*Task description:* Please set down each of the lines below once more, exactly, omitting all pictures.

*Data excerpt:*
★ ★ ★ ★
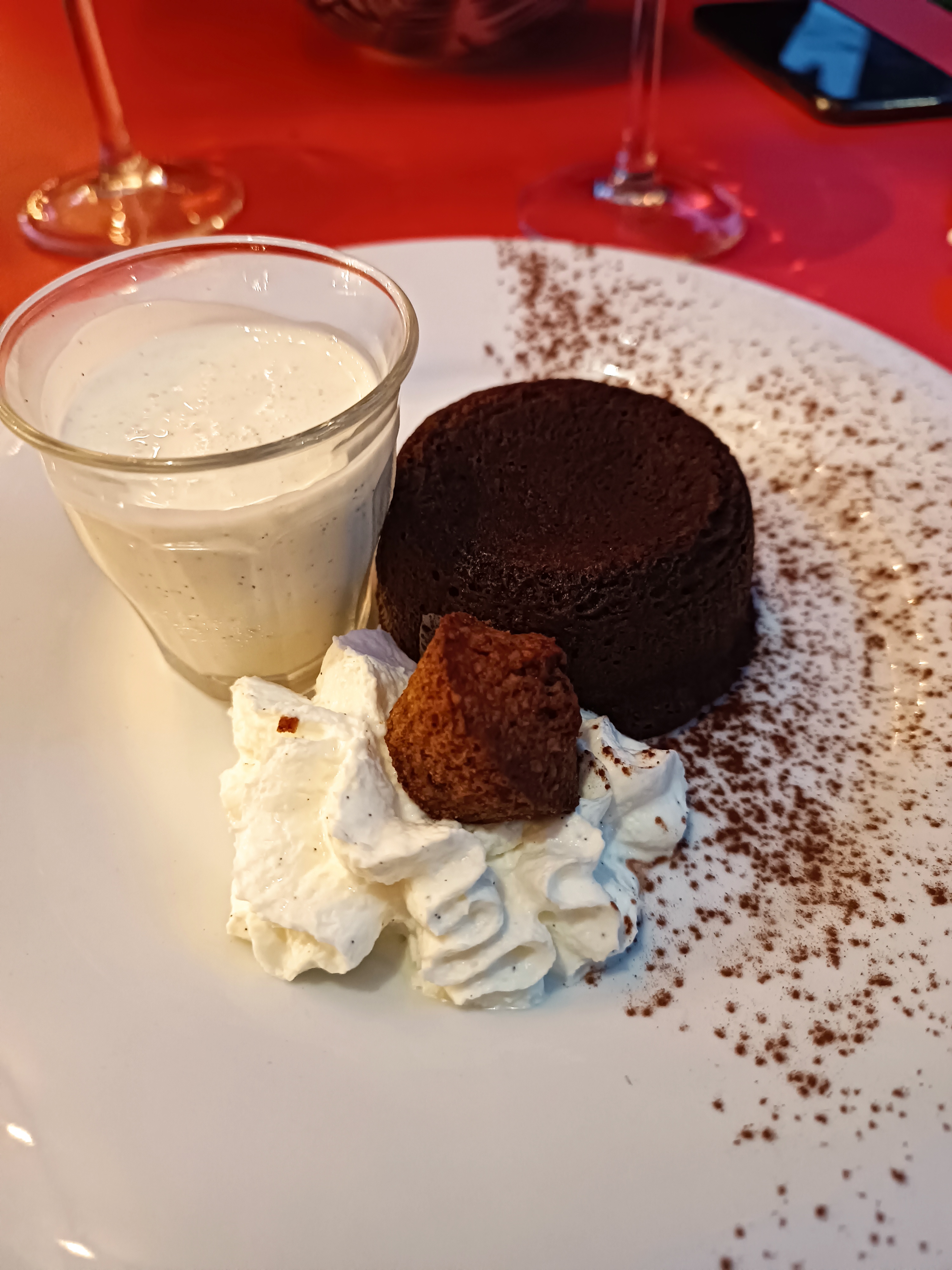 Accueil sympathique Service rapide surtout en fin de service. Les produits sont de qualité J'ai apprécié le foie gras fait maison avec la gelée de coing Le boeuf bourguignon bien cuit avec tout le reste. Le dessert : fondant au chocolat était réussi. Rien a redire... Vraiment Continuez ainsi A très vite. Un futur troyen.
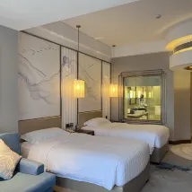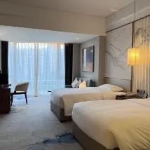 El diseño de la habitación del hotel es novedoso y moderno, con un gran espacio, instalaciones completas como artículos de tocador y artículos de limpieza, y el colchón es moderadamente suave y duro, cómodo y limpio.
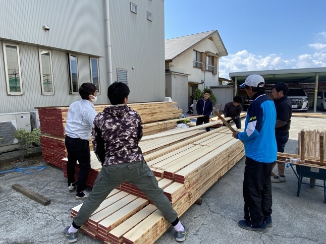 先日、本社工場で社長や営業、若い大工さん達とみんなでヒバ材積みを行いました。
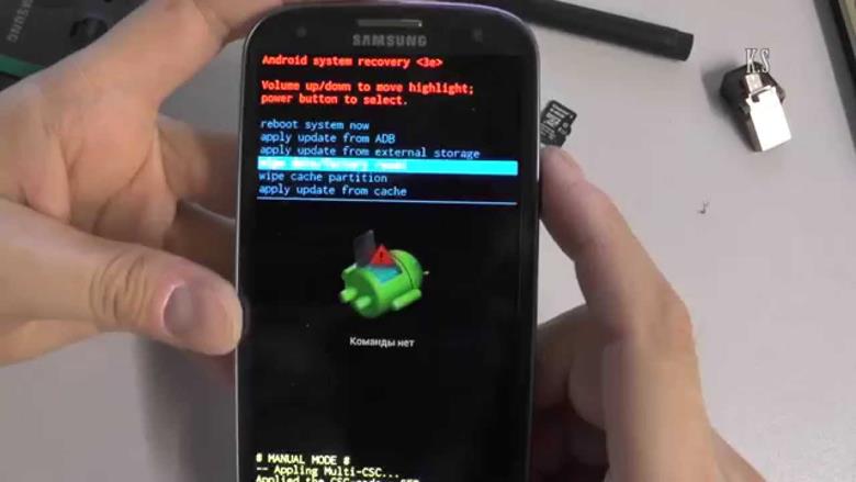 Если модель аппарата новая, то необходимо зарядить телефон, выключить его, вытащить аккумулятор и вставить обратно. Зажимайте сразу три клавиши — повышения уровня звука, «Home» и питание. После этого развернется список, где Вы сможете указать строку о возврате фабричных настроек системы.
★ ★ ★ ★
*Exercise result:*
 Accueil sympathique Service rapide surtout en fin de service. Les produits sont de qualité J'ai apprécié le foie gras fait maison avec la gelée de coing Le boeuf bourguignon bien cuit avec tout le reste. Le dessert : fondant au chocolat était réussi. Rien a redire... Vraiment Continuez ainsi A très vite. Un futur troyen.
 El diseño de la habitación del hotel es novedoso y moderno, con un gran espacio, instalaciones completas como artículos de tocador y artículos de limpieza, y el colchón es moderadamente suave y duro, cómodo y limpio.
 先日、本社工場で社長や営業、若い大工さん達とみんなでヒバ材積みを行いました。
 Если модель аппарата новая, то необходимо зарядить телефон, выключить его, вытащить аккумулятор и вставить обратно. Зажимайте сразу три клавиши — повышения уровня звука, «Home» и питание. После этого развернется список, где Вы сможете указать строку о возврате фабричных настроек системы.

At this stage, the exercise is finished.